There are many Java-based mapreduce frameworks that exist today - Apache Beam, Flink, Apex are to name few.
GAIA-MR is my attempt to show advantages of a C++ over other languages in this domain. It’s currently implemented for a single machine but even with this restriction I’ve seen up-to 3-7 times reduction in cost and running time vs current alternatives.
Please note that the single machine restriction put a hard limit on how much data we can process, nethertheless GAIA-MR shines with small-to-medium size workloads (~1TB). This part gives an introduction about mapreduce in general.
Background
Before I start explaining about GAIA, I would like to explain what MapReduce is for. Originally, it was introduced by Google and then was quickly picked up by the industry and rebranded externally as Hadoop.
A mapreduce algorithm is a glorified GroupBy
or HashJoin
operation from the DB world.
Its purpose is to go over (big) data (I hate this term!) and transform it in such a way that pieces of information dispersed across different sources could be grouped for further processing.

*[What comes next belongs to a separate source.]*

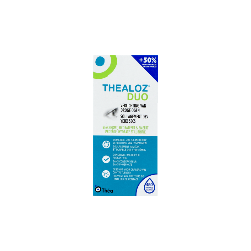 Avec THEALOZ® DUO, vous choisissez un collyre grand format (15 ml), économique, fréquemment recommandé par les ophtalmologues, reconnu pour sa qualité prouvée et sa satisfaction garantie. Se conserve jusqu'à 6 mois après ouverture.

One of the big advantages of Mapreduce framework is that it allows clean separation between low-level mechanics like multi-threading, multi-machine communication, disk-based algorithms, external data structures, efficient I/O optimization, etc - on the one side, and user-provided pipeline logic on the other side. Another advantage is virtualization of resources that allows the framework to run over multiple CPUs, multiple disks and machines in a way that is semi-transparent to a user.

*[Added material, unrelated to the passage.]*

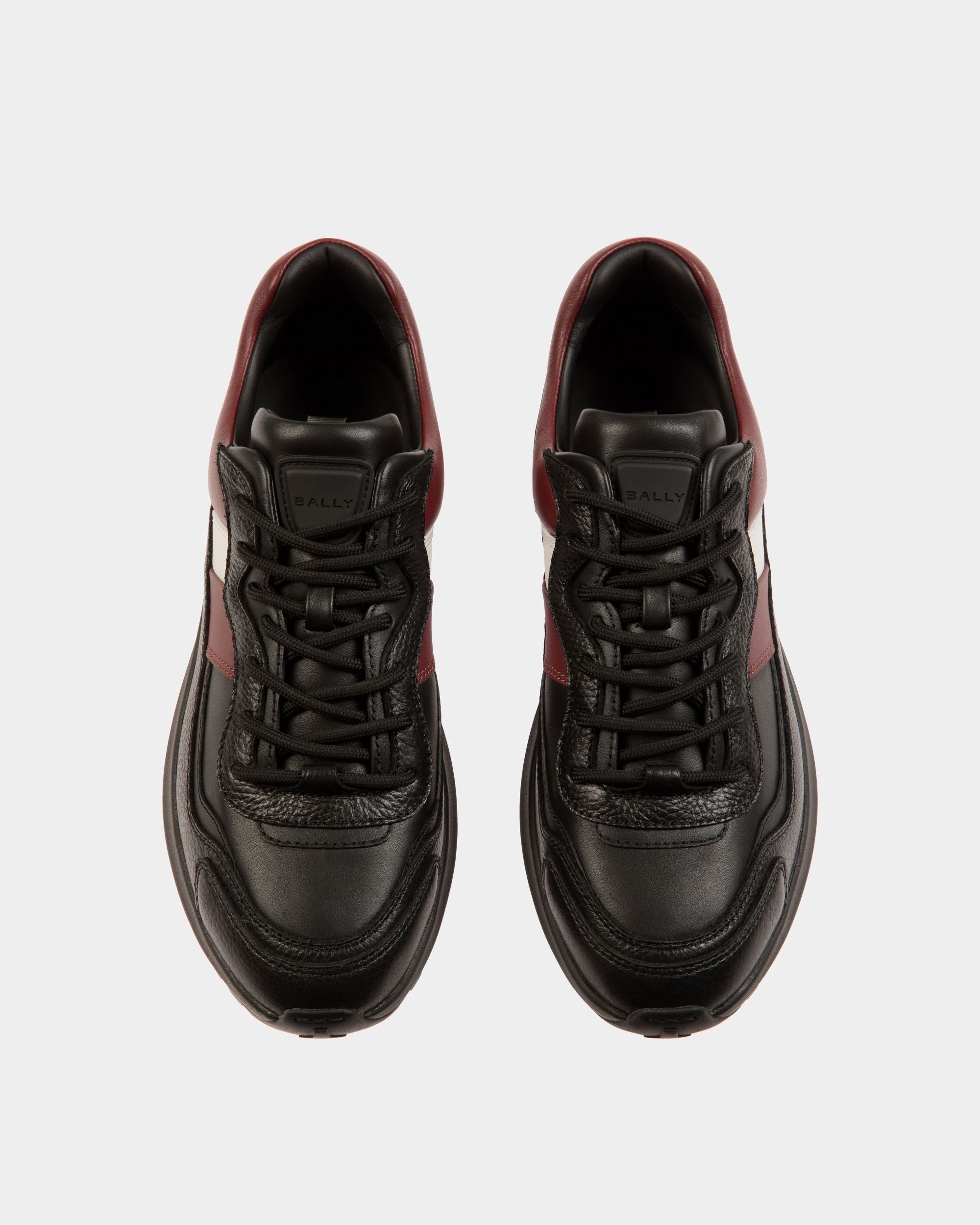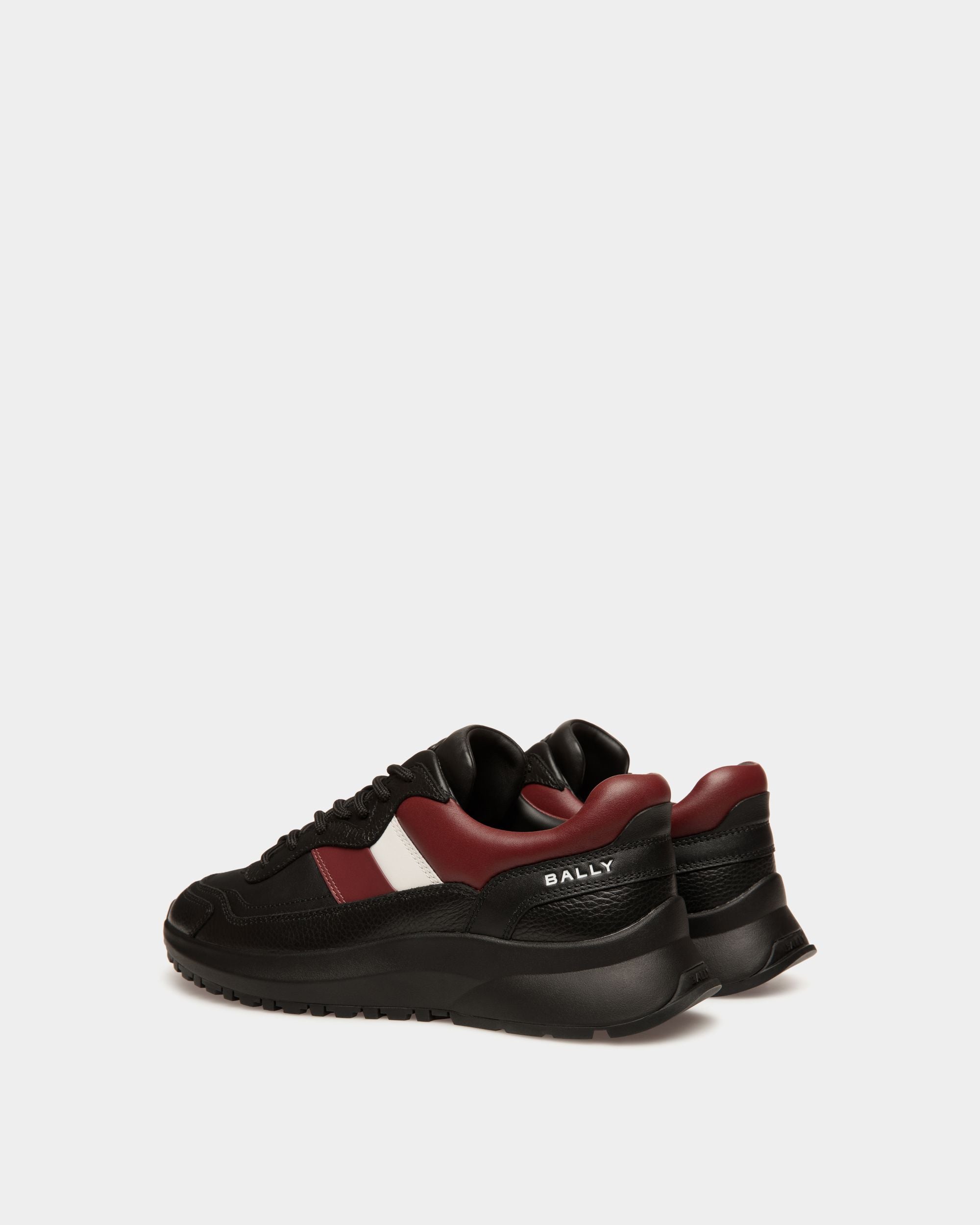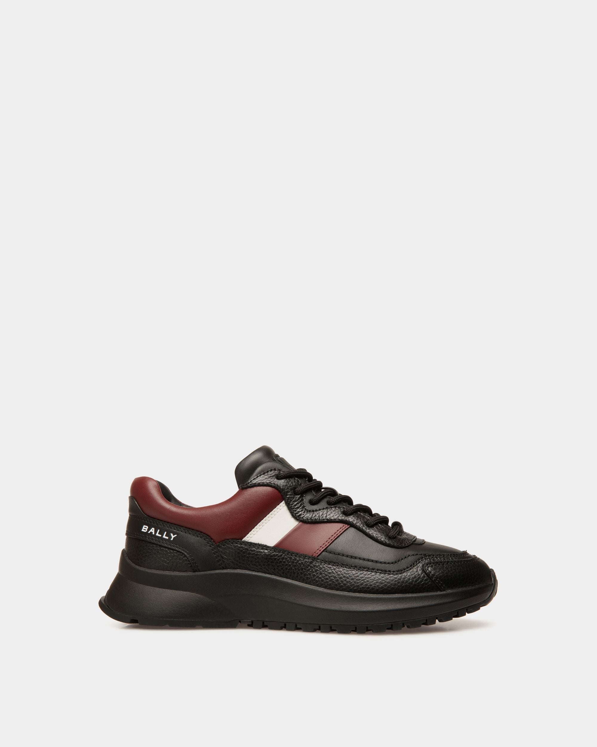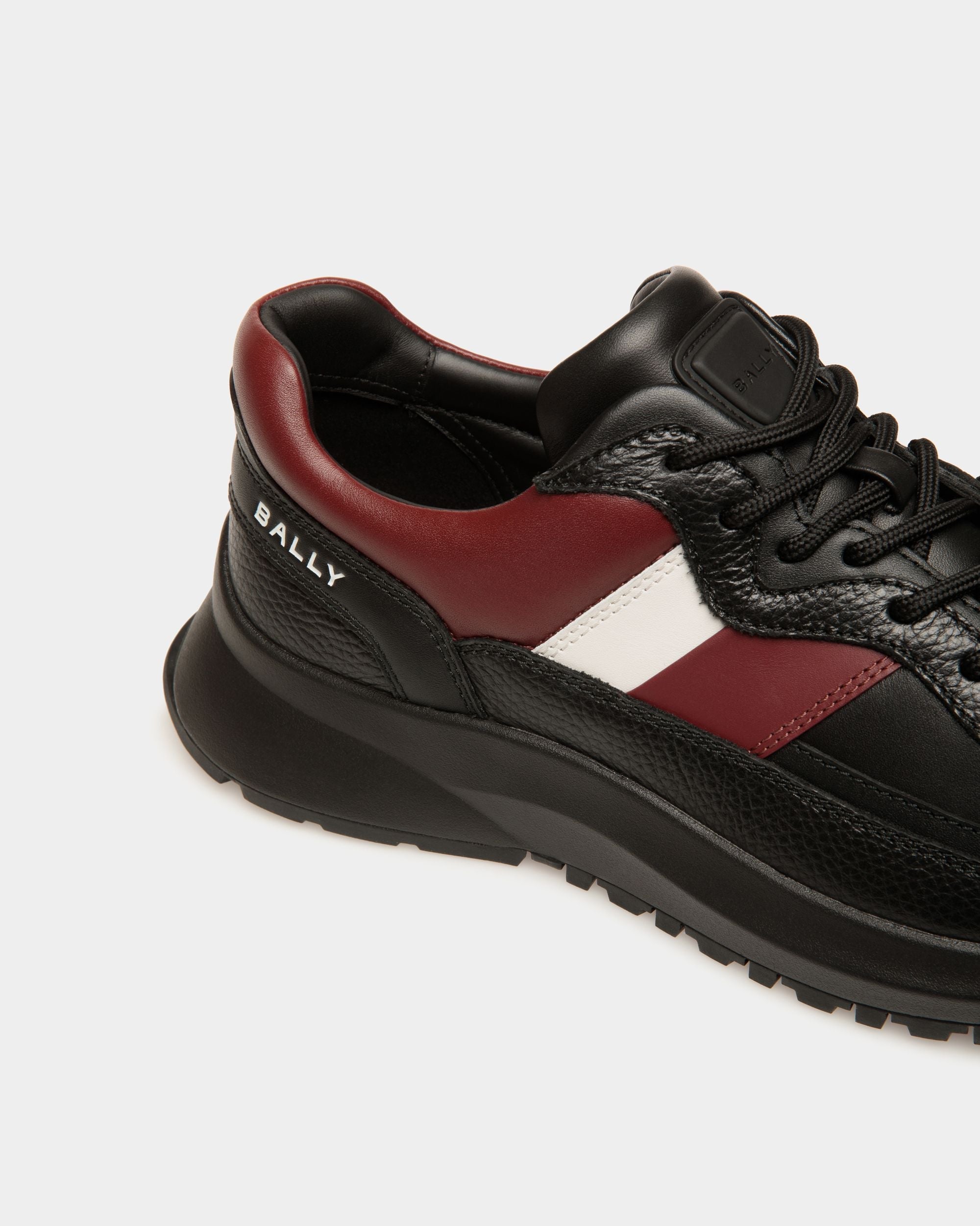 This Outline sneaker is in black leather with Heritage Red leather panels which form a Bally Ribbon at the side. The ultralightVibram running sole offers flexibility and superior grip. even on wet surfaces.

In other words, a user may focus on his high-level processing task. All this of course as long as his algorithm can be modeled with one or more MapReduce steps.
Mapreduce Step
A mapreduce step is essentially combined from 2 operators: a mapper and a reducer. Mappers go over 1 or more different input sources comprised of mutually independent records. A mapper reads each record, applies user-supplied data transformation, possibly filters out or extends records with more data and then partitions its output according to some rule. Mappers can multiply the amount of incoming data by some factor or reduce it to almost nothing. The main restriction they have is that mappers do not control which records exactly they are gonna process and they should not assume how many mapper processors will run. They run independently from each other and usually do not pass information between them.
See
Reducers, on the other hand, read already partitioned data. The data is essentially grouped together according to user-supplied criteria into multiple groups, or as we call them “shards”. Usually those “shards” can be loaded fully into RAM.
Suppose, for example, WalMart wants to join last 10 years of its buyer transactions with another dataset of their buyers personal details. Both sources should be joined by user id but unfortunately they can not be loaded into RAM due to their huge size. Not to worry - Mapreduce to the rescue!

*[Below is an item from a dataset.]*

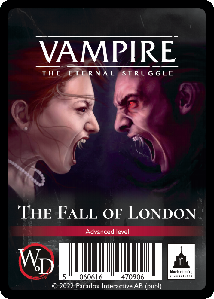 The preconstructed deck includes not just reprints, but also entirely new crypt cards and several new library cards bolstering the political aspect of the game. It is also suitable for new players looking to start with a ready-made deck that explores the dealings, negotiations, and machinations of the Eternal Struggle. The deck is ready for play out of the box or customisable with other Vampire: The Eternal Struggle cards. Each player needs a deck to play.
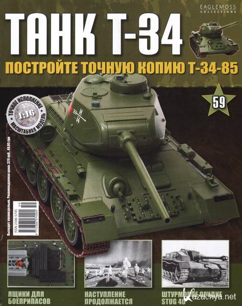 «Танк T-34» - журнал который предлагает нам собрать точную, детализированную и достоверную модель танка Второй мировой войны в масштабе 1:16 - Т-34-85. Каждый номер состоит из 16 страниц. На них будет находиться подробная информация о разработке русских танков и истории создания Т-34-85. Кроме этого, в каждом номере можно будет прочесть очерки о людях, которые проектировали и строили Т-34-85, сражались на нем, а также о великих битвах, в которых принимал участие танк.

We can provide a mapper that just output records from each dataset into
intermediate shards using user_id % N
rule. Thus we produce N
shards for each dataset.
The mapreduce will colocate information about each user in a single shard per source
at the end of the mapping phase using the sharding function user_id % N
.
N must be large enough to allow loading of each shard into workers memory.
The mapping step of moving randomly distributed records from the input dataset to partitioned one
allows us performing the next step.
Reducer processors load shards Transaction'(i)
and UserData'(i)
into RAM. Those shards produced by mappers and they contain all the records for which user_id % N = i
. After loading those shards, reducers can join them using hash-join
or merge sort algorithms. Eventually, reducers produce N output shards that contain the joined information.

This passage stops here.